TO DO: A verbatim transcription of the listing below is required, without its pictures.

BEGIN

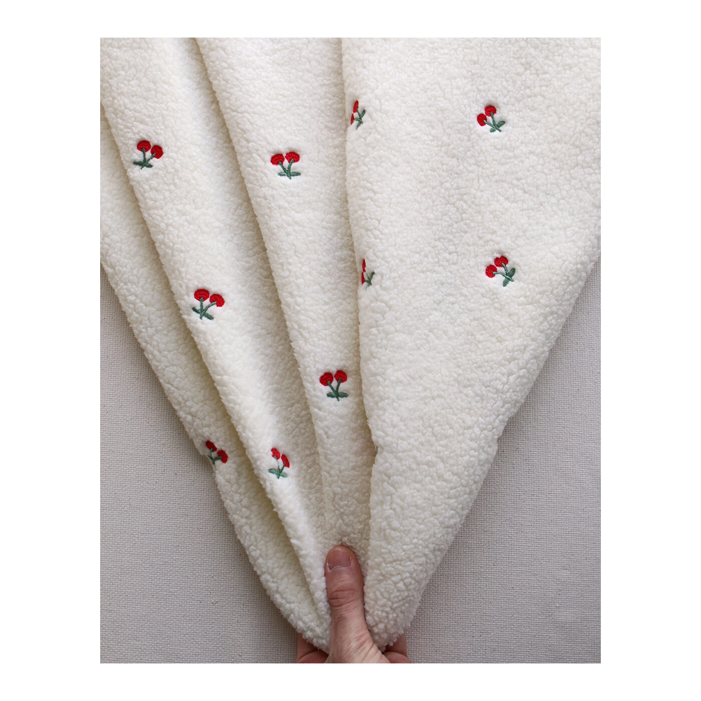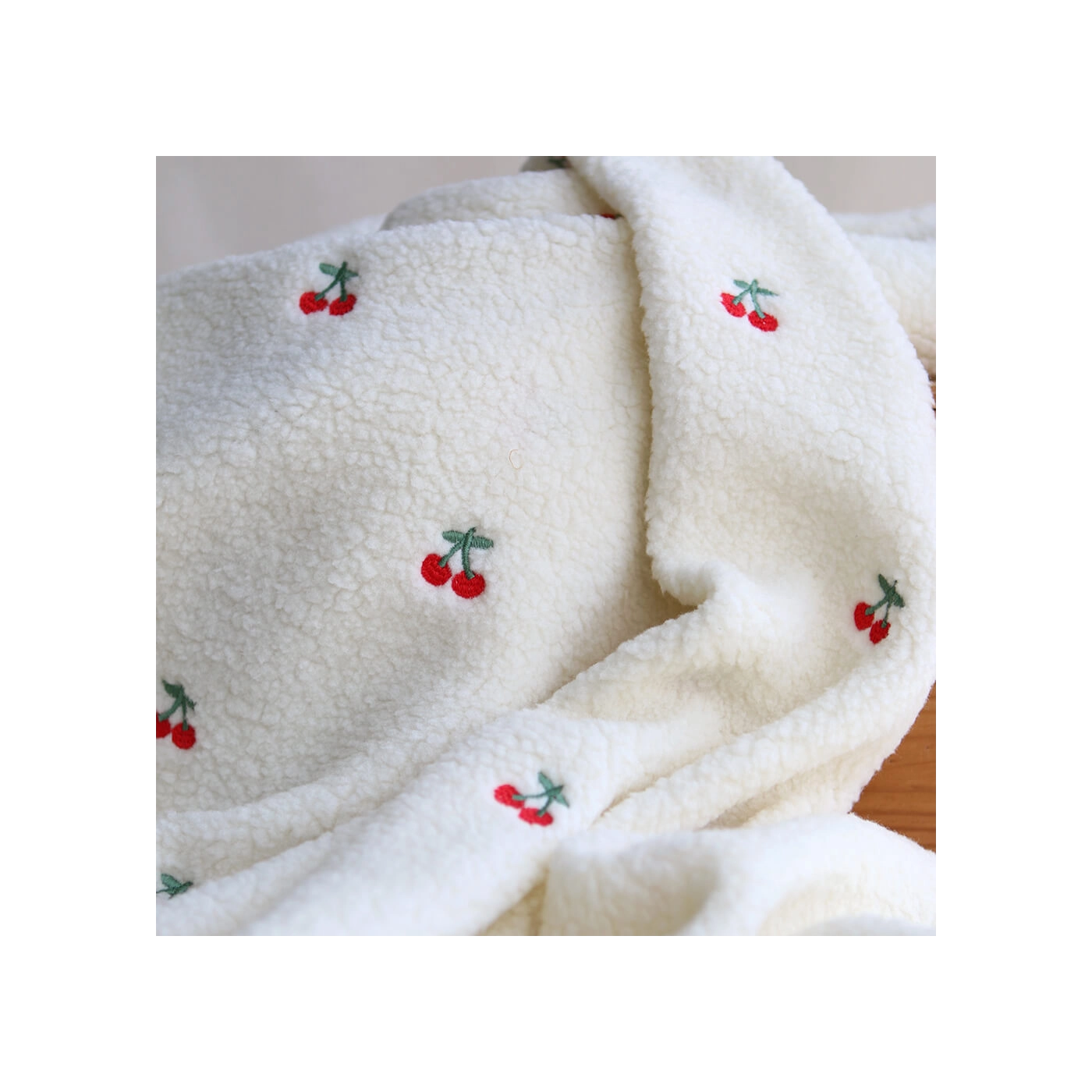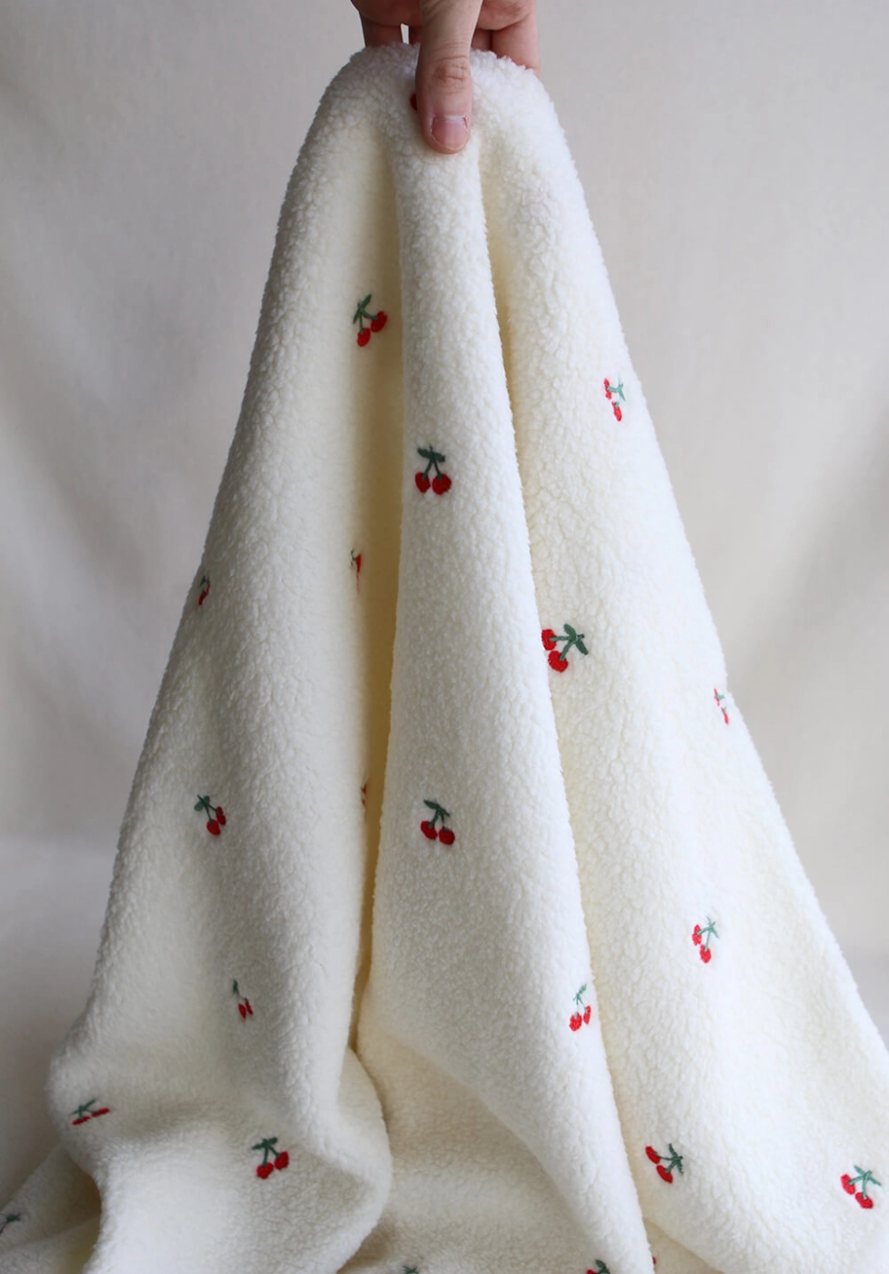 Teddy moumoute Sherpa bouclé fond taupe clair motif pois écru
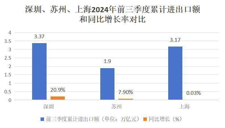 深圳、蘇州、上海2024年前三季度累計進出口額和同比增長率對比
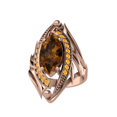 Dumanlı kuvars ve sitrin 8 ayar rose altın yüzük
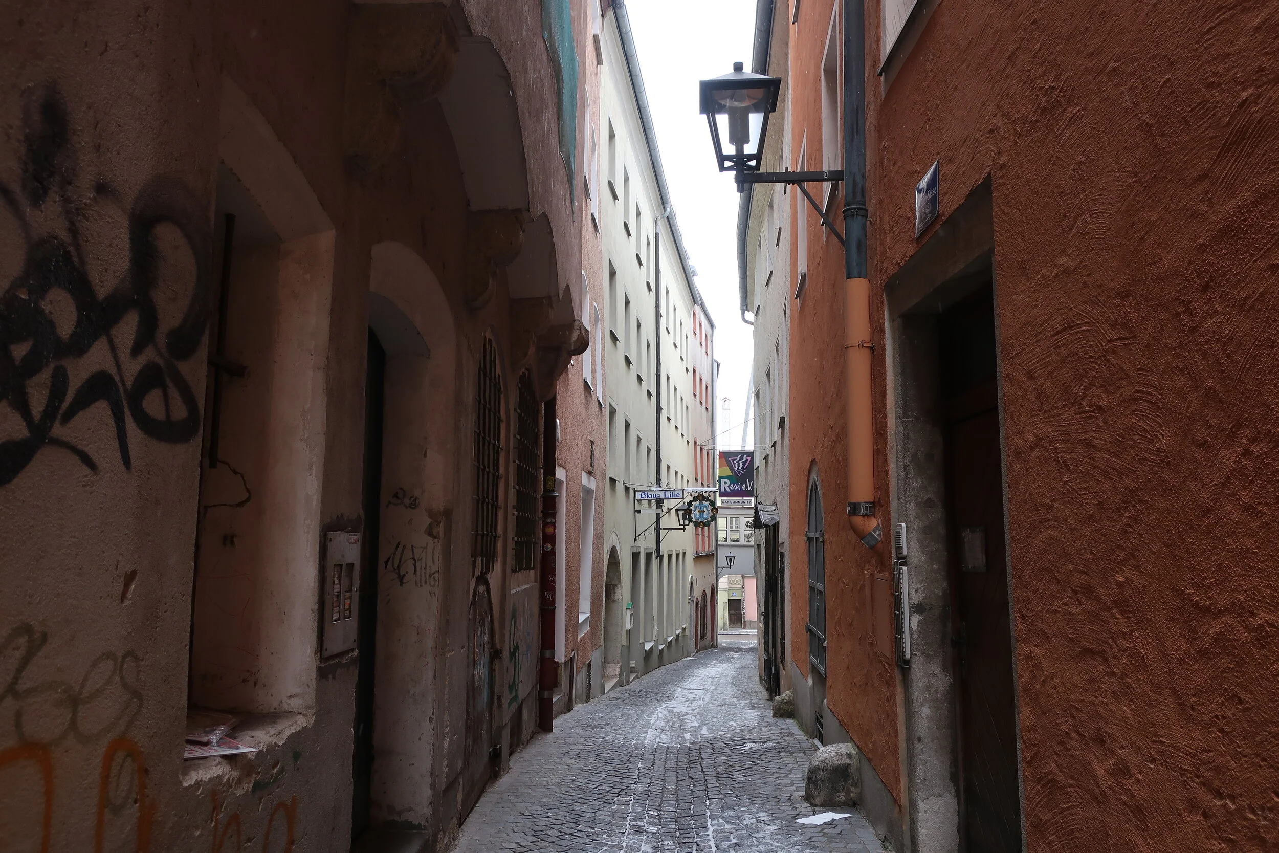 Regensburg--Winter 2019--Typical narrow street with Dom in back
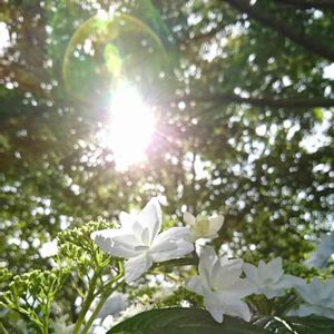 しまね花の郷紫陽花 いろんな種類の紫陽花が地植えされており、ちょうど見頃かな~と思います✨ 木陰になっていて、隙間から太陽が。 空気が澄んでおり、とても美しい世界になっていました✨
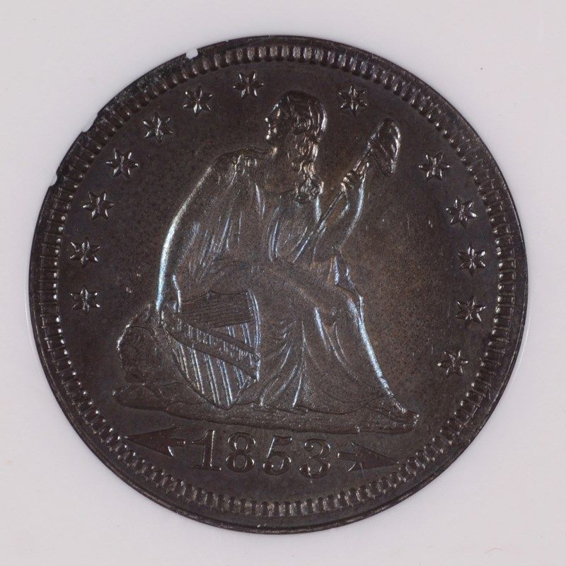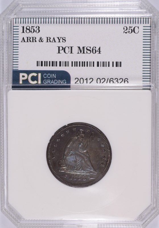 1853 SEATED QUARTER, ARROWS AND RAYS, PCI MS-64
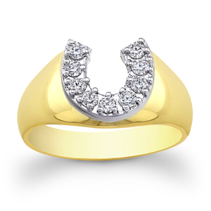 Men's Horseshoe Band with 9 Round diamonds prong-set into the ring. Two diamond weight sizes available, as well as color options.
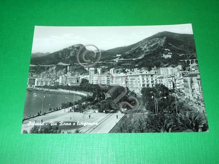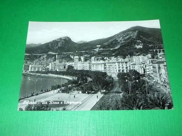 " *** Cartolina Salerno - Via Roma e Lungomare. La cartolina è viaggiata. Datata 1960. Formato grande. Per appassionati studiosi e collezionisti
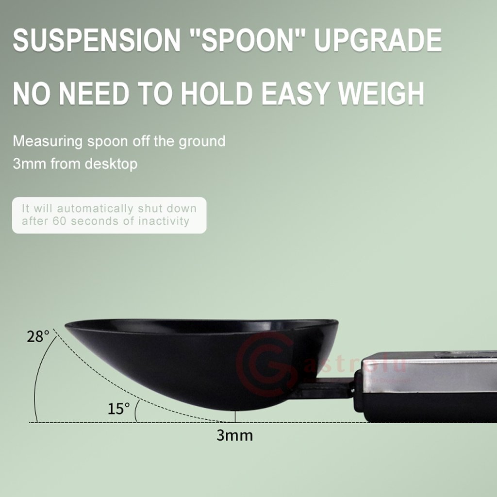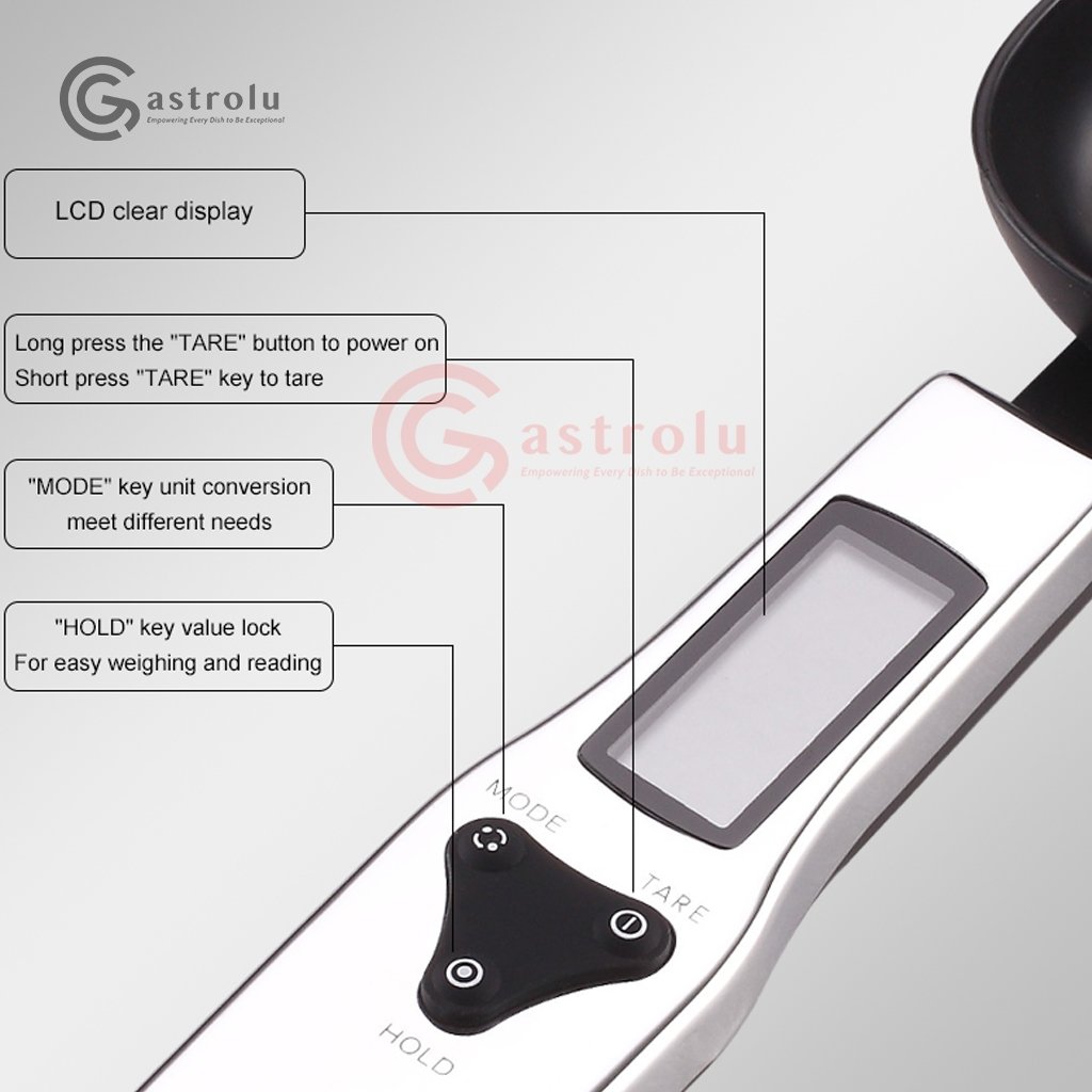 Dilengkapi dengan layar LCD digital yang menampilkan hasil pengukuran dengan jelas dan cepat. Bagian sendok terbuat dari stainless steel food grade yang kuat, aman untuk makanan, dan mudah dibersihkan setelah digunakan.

END

OUTPUT BELOW:
 Teddy moumoute Sherpa bouclé fond taupe clair motif pois écru
 深圳、蘇州、上海2024年前三季度累計進出口額和同比增長率對比
 Dumanlı kuvars ve sitrin 8 ayar rose altın yüzük
 Regensburg--Winter 2019--Typical narrow street with Dom in back
 しまね花の郷紫陽花 いろんな種類の紫陽花が地植えされており、ちょうど見頃かな~と思います✨ 木陰になっていて、隙間から太陽が。 空気が澄んでおり、とても美しい世界になっていました✨
 1853 SEATED QUARTER, ARROWS AND RAYS, PCI MS-64
 Men's Horseshoe Band with 9 Round diamonds prong-set into the ring. Two diamond weight sizes available, as well as color options.
 " *** Cartolina Salerno - Via Roma e Lungomare. La cartolina è viaggiata. Datata 1960. Formato grande. Per appassionati studiosi e collezionisti
 Dilengkapi dengan layar LCD digital yang menampilkan hasil pengukuran dengan jelas dan cepat. Bagian sendok terbuat dari stainless steel food grade yang kuat, aman untuk makanan, dan mudah dibersihkan setelah digunakan.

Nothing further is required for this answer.